Years later, Miku meets a woman called Nagaoka, who reveals that she was also a victim of the licking woman. Nagaoka tells Miku that the woman disappeared after being released from custody. Miku vows to kill the woman in order to protect others. Nagaoka suggests that Miku cover her skin in deadly potassium cyanide to poison her. Miku tracks her down when the woman starts attacking people again. Once she licks Miku's skin, she collapses because of the cyanide, but manages to physically rip out her own tongue before dying. The severed tongue dives into Miku's throat, almost choking her. She manages to runs away while the severed tongue bounces around on the ground.

Miku then tries to contact Nagaoka, but is unsuccessful. She realizes that the glasses in the woman's handbag looked a lot like those Nagaoka wore. She becomes paranoid, convinced that Nagaoka was the licking woman and she set up the whole thing. Eventually she begins a romance with a new boyfriend. One day, when they kiss, they are attacked by the woman's giant tongue and are found dead, poisoned by the potassium cyanide. Police ignore eyewitness reports of a giant tongue bouncing around at the scene.

===Mystery Pavilion===
In the future of 2105, people are queuing to see a genetic recreation of a cormorant, which has long since been extinct. They are told that cormorants were once used to catch fish. However, the "cormorant" in question is an enormous, mutated abomination which promptly demonstrates its fish-catching technique by swallowing two spectators whole. The staff member on-duty orders it to spit them back out, and it does so, but they begin to melt alive as they reach the ground. The spectators look on in horror as the narration notes that "the darkness of the world will continue for a while yet."

==Publication==
Written and illustrated by Junji Ito, Black Paradox started in the special edition of Shogakukan's seinen manga Big Comic Spirits, Big Comic Spirits Zōkan Casual, on August 15, 2007. The series later continued in YS Special on December 25, 2008, and finished on January 24, 2009. Shogakukan later published the series in a single tankōbon volume, released on March 30, 2009.
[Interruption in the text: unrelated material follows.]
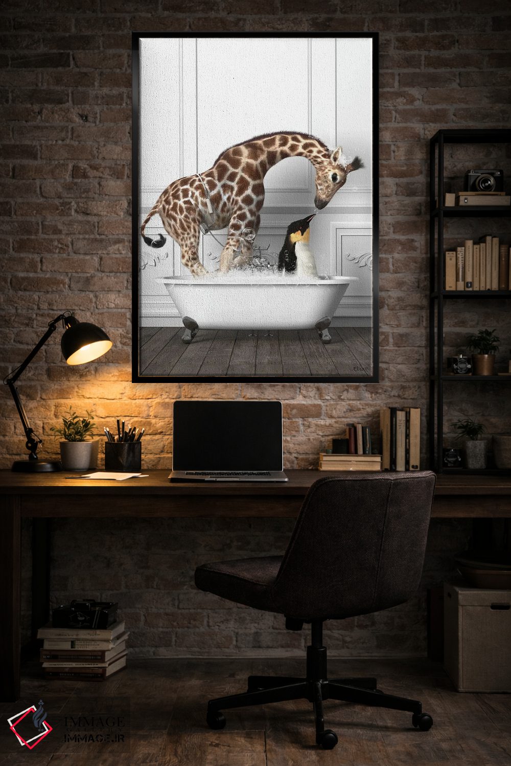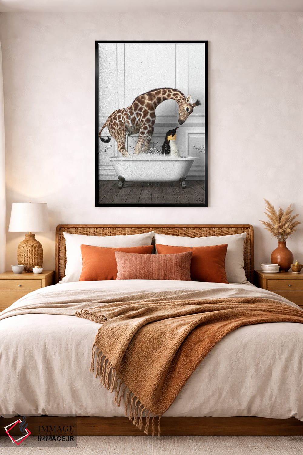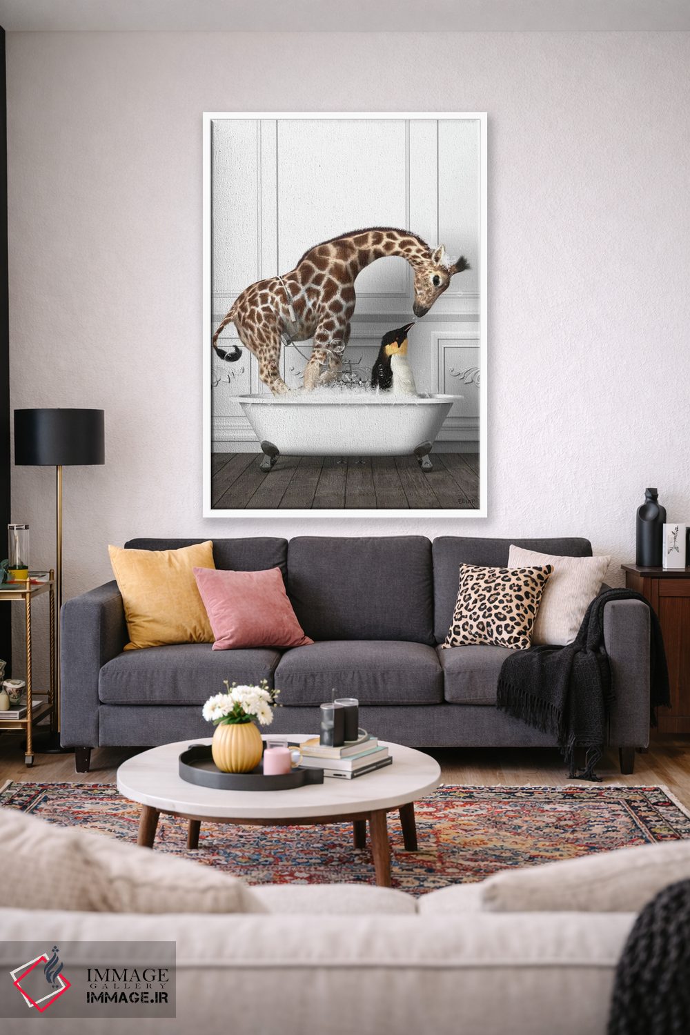 این اثر با عنوان «پنگوئنها و زرافه در حمام در حال خوشگذرانی» اثرِ «جوفری فیلیپ» حس طبیعت را بیدغدغه وارد خانه میکند؛ برای دکورهایی با رنگهای خنثی انتخابی خوشسلیقه است. در کنار گیاهان و نور طبیعی، جذابتر هم میشود.

In North America, the manga was licensed for English release by Viz Media. The volume was released on October 25, 2022.

==Reception==
Black Paradox has received mostly positive reviews from critics. Writing for CBR, Dallas Marshall has praised the four main characters, stating that they are "one-of-a-kind in their designs". He also praised how the story handled the subject matter of suicide.
Danica Davidson of Otaku USA also praised the manga, saying that it is "creepy and mysterious". She found the twists in the story to be fun and clever, while also praising the visual style.

Christopher Farris of Anime News Network provided a slightly mixed review, praising the plot ideas and visuals while criticizing the horror elements. He highlighted the consistency of the story and praised the plot escalation. Overall he found Black Paradox to be interesting, despite it being a bit uneven compared to Ito's other works.

In 2022, American Library Association included Black Paradox in the official reading list for the 2022 Best Graphic Novels for Adults. In 2023, it was nominated for the Eisner Award for Best U.S. Edition of International Material—Asia.